▸ **What you are asked to do**
Print nothing except the lines of the listing below from the line with "- Access Settings: From" to the line with "The table contains", each exactly as written, both ends included.

▸ **Data supplied**
□ □ □ □ □

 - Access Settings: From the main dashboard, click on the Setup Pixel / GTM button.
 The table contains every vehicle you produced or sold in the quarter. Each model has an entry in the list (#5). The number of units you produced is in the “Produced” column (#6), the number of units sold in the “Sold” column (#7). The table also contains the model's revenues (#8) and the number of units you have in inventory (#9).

□ □ □ □ □

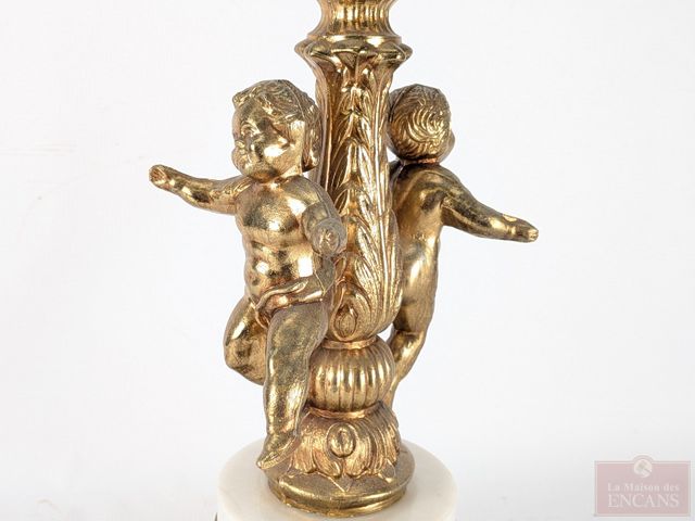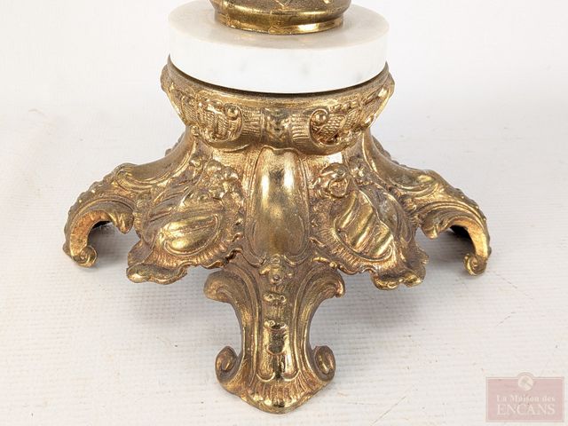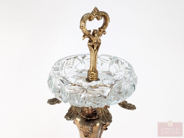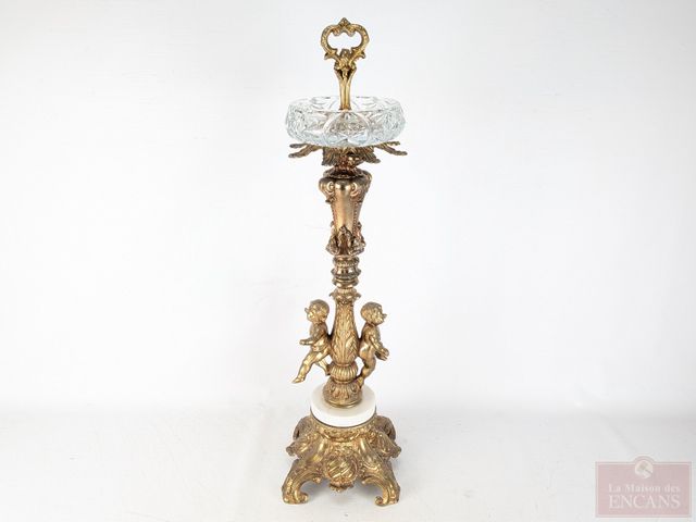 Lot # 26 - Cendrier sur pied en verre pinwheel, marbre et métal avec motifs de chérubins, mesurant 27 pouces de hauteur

□ □ □ □ □

▸ **Exercise response**
 - Access Settings: From the main dashboard, click on the Setup Pixel / GTM button.
 The table contains every vehicle you produced or sold in the quarter. Each model has an entry in the list (#5). The number of units you produced is in the “Produced” column (#6), the number of units sold in the “Sold” column (#7). The table also contains the model's revenues (#8) and the number of units you have in inventory (#9).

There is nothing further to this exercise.